Waits for natural pod restart
No forced disruption
Gradual rollout

immediate (Faster):

updateStrategy:
  rolloutStrategy: immediate

Triggers rolling restart
Faster optimization
Controlled disruption

In-Place Resize

Enable in-place pod resize (Kubernetes 1.27+):

updateStrategy:
  allowInPlaceResize: true   # Use if available
  allowRecreate: false       # Block pod recreation

Update Scope

Control what gets updated:

Requests Only (Safer):

updateStrategy:
  updateRequestsOnly: true

Requests and Limits:

updateStrategy:
  updateRequestsOnly: false
  limitConfig:
    cpuLimitMultiplier: 1.5      # Limit = Request × 1.5
    memoryLimitMultiplier: 1.1   # Limit = Request × 1.1

Memory Safety

Configure memory safety features:

Gradual Memory Decrease (Not Yet Implemented):

⚠️ Note: This configuration is accepted but not yet implemented. It has no effect on actual behavior.

updateStrategy:
  gradualDecreaseConfig:
    enabled: true
    memoryDecreasePercentage: 10      # Max 10% per cycle
    minimumDecreaseThreshold: 100Mi   # Threshold to trigger
    maximumTotalDecrease: 70          # Max 70% total decrease

Unsafe Memory Decrease (Use with Caution):

updateStrategy:
  allowUnsafeMemoryDecrease: true  # Disable safety checks

Optional Fields

Weight

Priority when multiple policies match the same workload:

spec:
  weight: 200  # Default: 100, Range: 1-1000

Higher weight = higher priority.

Reconciliation Interval

How often the policy is evaluated:

spec:
  reconciliationInterval: 5m  # Default: 5m

Common Patterns

Pattern 1: Production Workloads (GitOps)

apiVersion: optipod.io/v1alpha1
kind: OptimizationPolicy
metadata:
  name: production-gitops
spec:
  mode: Auto

  selector:
    namespaceSelector:
      matchLabels:
        environment: production
    workloadSelector:
      matchLabels:
        optimize: "true"

  metricsConfig:
    provider: prometheus
    rollingWindow: 24h
    percentile: P90
    safetyFactor: 1.2

  resourceBounds:
    cpu:
      min: "100m"
      max: "4000m"
    memory:
      min: "256Mi"
      max: "8Gi"

  updateStrategy:
    strategy: webhook
    rolloutStrategy: onNextRestart
    allowInPlaceResize: true
    allowRecreate: false
    updateRequestsOnly: true

Pattern 2: Development Workloads (Aggressive)
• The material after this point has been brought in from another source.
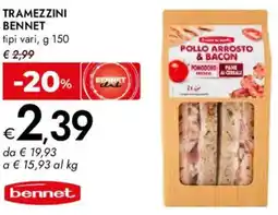 | 1 | Tramezzini BENNET 150 g | Bennet | €2,99 | €2,39 | -20% | 07 aprile 2026 | 22 aprile 2026 | Guarda l'offerta | |

apiVersion: optipod.io/v1alpha1
kind: OptimizationPolicy
metadata:
  name: development-aggressive
spec:
  mode: Auto

  selector:
    namespaceSelector:
      matchLabels:
        environment: development

  metricsConfig:
    provider: prometheus
    rollingWindow: 12h
    percentile: P90
    safetyFactor: 1.1

  resourceBounds:
    cpu:
      min: "50m"
      max: "2000m"
    memory:
      min: "64Mi"
      max: "4Gi"

  updateStrategy:
    strategy: ssa
    allowInPlaceResize: true
    allowRecreate: true
    updateRequestsOnly: false
    limitConfig:
      cpuLimitMultiplier: 1.5
      memoryLimitMultiplier: 1.1

Pattern 3: Stateful Workloads (Conservative)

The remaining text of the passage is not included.